• Task brief
Using the data below, return word for word every line from the one holding "16. Затем выкладываем" down to the one holding "地区ガバナー クラブ公式訪問にて、5R1Z合同アクティビティ(福井LC 大野LC". Leave pictures out.

• Given data
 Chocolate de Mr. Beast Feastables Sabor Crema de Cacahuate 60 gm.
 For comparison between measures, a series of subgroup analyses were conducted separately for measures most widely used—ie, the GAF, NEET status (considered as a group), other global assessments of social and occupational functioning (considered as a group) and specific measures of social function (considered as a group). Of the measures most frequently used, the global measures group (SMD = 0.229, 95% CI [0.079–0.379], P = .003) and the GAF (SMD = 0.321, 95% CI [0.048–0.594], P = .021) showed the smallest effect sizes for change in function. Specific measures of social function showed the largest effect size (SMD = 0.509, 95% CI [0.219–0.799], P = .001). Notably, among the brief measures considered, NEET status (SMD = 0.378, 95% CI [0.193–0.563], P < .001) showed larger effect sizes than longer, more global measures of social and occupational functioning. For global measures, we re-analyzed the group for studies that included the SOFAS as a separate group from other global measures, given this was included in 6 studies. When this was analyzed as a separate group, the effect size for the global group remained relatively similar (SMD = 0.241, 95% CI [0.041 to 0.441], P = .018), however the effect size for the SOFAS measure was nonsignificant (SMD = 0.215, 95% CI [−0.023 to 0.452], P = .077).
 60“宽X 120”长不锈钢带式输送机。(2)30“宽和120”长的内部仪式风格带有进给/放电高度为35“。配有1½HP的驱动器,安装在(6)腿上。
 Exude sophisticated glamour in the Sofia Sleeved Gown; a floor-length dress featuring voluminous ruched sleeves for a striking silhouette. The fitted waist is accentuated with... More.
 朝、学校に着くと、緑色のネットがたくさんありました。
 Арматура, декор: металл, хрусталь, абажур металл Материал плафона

* * *

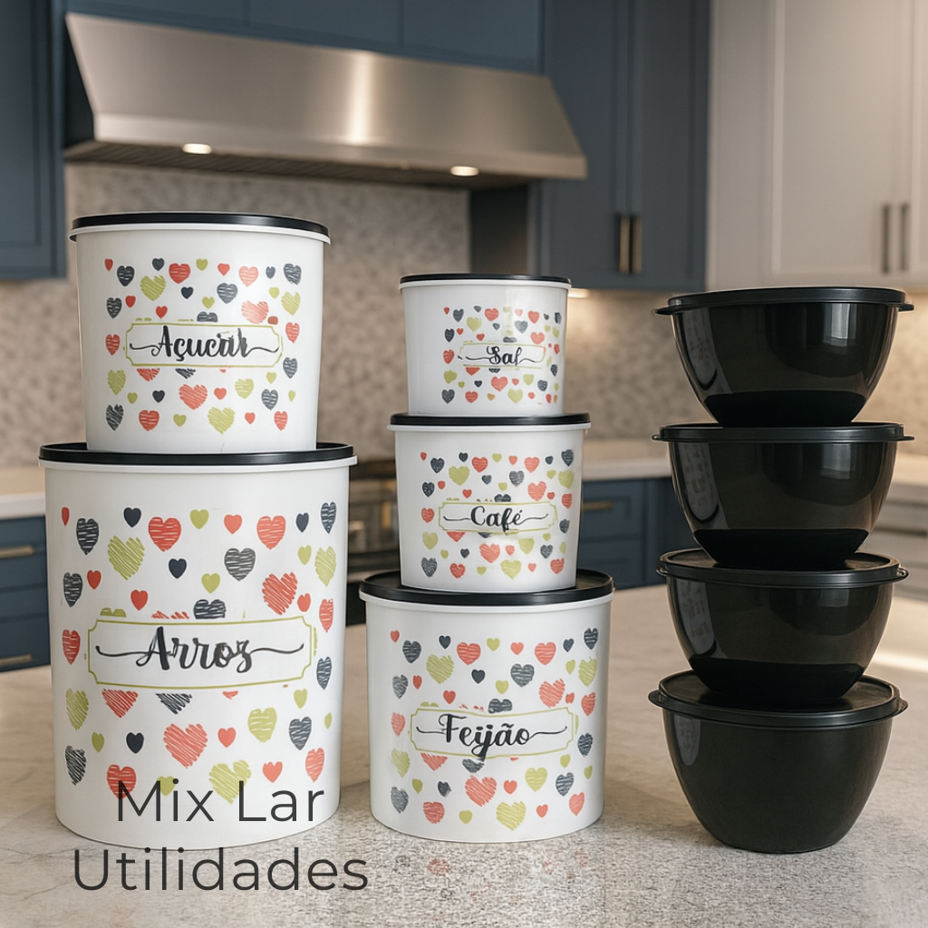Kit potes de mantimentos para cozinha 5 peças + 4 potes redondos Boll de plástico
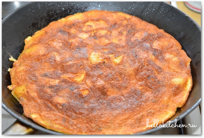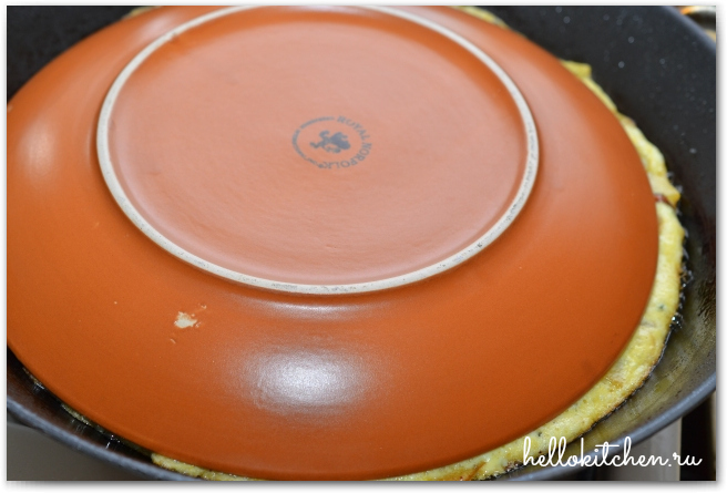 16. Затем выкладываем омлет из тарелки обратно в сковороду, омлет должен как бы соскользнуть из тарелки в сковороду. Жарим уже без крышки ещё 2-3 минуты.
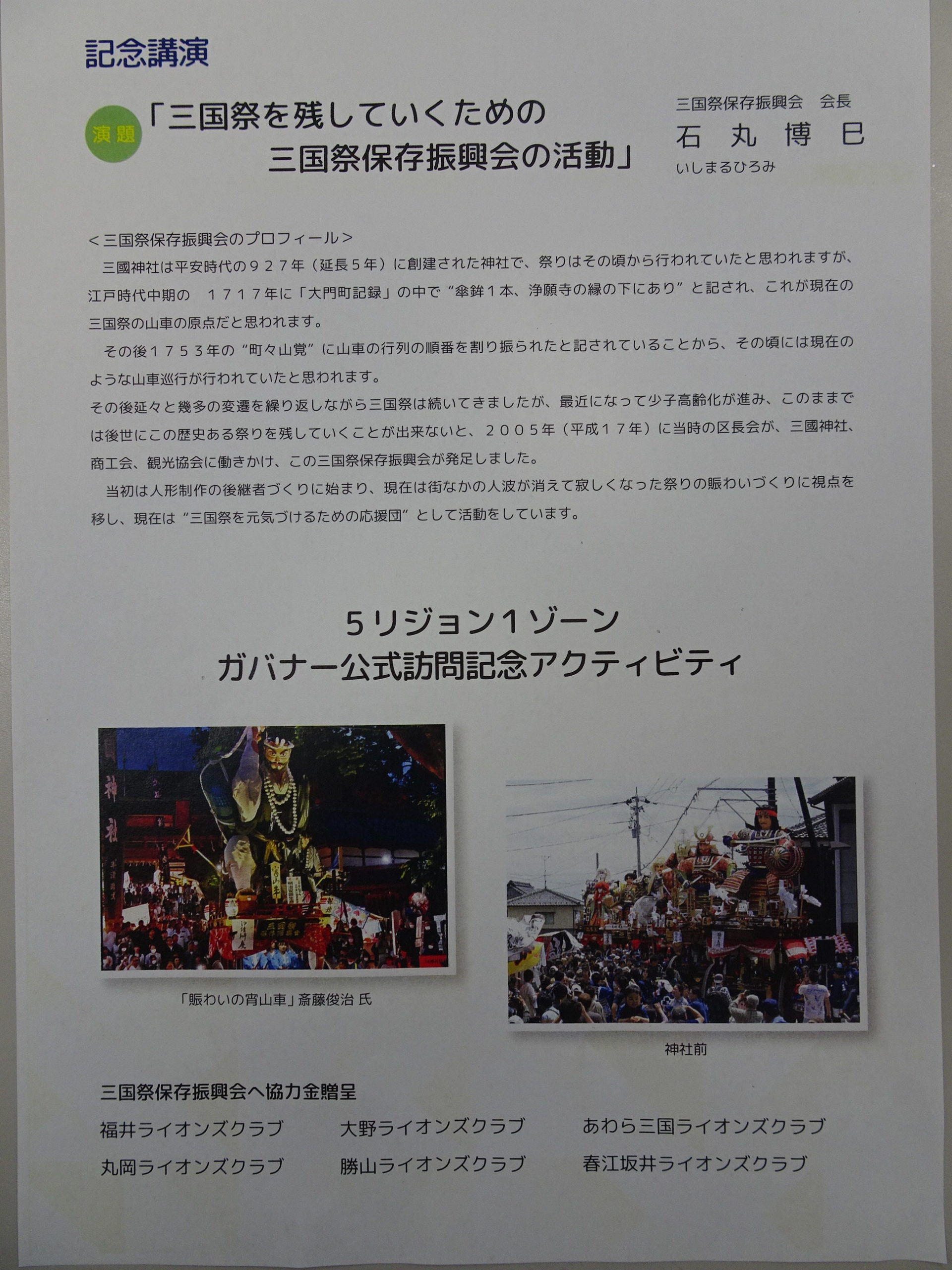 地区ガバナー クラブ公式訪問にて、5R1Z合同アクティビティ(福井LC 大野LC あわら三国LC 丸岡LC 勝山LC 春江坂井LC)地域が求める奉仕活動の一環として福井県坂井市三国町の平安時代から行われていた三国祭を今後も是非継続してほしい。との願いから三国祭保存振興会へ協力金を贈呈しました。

• Answer to this problem
 16. Затем выкладываем омлет из тарелки обратно в сковороду, омлет должен как бы соскользнуть из тарелки в сковороду. Жарим уже без крышки ещё 2-3 минуты.
 地区ガバナー クラブ公式訪問にて、5R1Z合同アクティビティ(福井LC 大野LC あわら三国LC 丸岡LC 勝山LC 春江坂井LC)地域が求める奉仕活動の一環として福井県坂井市三国町の平安時代から行われていた三国祭を今後も是非継続してほしい。との願いから三国祭保存振興会へ協力金を贈呈しました。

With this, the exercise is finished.